We already know that much of what we read is manipulated to tell a story. Reporters slant things, go to the same unreliable wells time and again, and leave out facts that would completely change the story if you knew them. So much of the "news" is about choosing to present reality in a manner that leads you to the "right" conclusions. 

But I'm not talking about that, either. 

No, in the world where ChatGPT is a thing, much of what is showing up in your "news" sources is simply made up by AI and sold to you as "real." It's like those legal briefs handed to judges that cite fake cases, only the editors who are sending these articles into the world are ignorant, and apparently indifferent, to whether they are written by real people and to whether they bear any resemblance to reality. 

I was drawn into this article in The Local by happenstance, but I read it with increasing fascination because it took me inside the world of an editor who seeks out interesting writers and publishes articles his readers want to consume. Since I am in the business as a so-called "content creator" now, but did not spend my career churning out articles for most of my career, I was interested in his take. 

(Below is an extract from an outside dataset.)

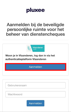 - In het volgende scherm ‘Aanmelden bij de beveiligde persoonlijke ruimte voor het beheer van dienstencheques’, klikt u op de knop ‘Aanmelden’.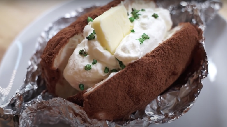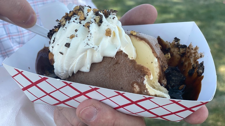 The "fake out" food category of foods that look like other foods is actually a pretty expansive one, and few mediums seem to take to it better than ice cream. After all, who doesn't remember chowing down on a Choco Taco with its folded sugar cone filled with chocolate-swirled vanilla ice cream that resembled a taco (via Klondike)? In Germany, a traditional fake-out ice cream is the spaghettieis sundae, in which vanilla ice cream is passed through a ricer in order to make "noodles," then topped with strawberry sauce to look like a plate of spaghetti with tomato sauce (via International Desserts Blog). And in the U.S., you may have come across a frozen dessert called the ice cream potato, which does its darnedest — and often succeeds — to masquerade as a baked potato piled with sour cream.

Wow. Things are not good in the media world. Not only is the economic model a flaming dumpster fire, but the pressure to churn out "content" with diminishing resources has completely broken the industry

You would expect that many online outlets would churn out a lot of dreck to get clicks, and I see a lot of clickbait that promises much and delivers little. But now, at least some of what you are reading in the doctor's office or online in "respectable" publications is written by AI without even the editors knowing it.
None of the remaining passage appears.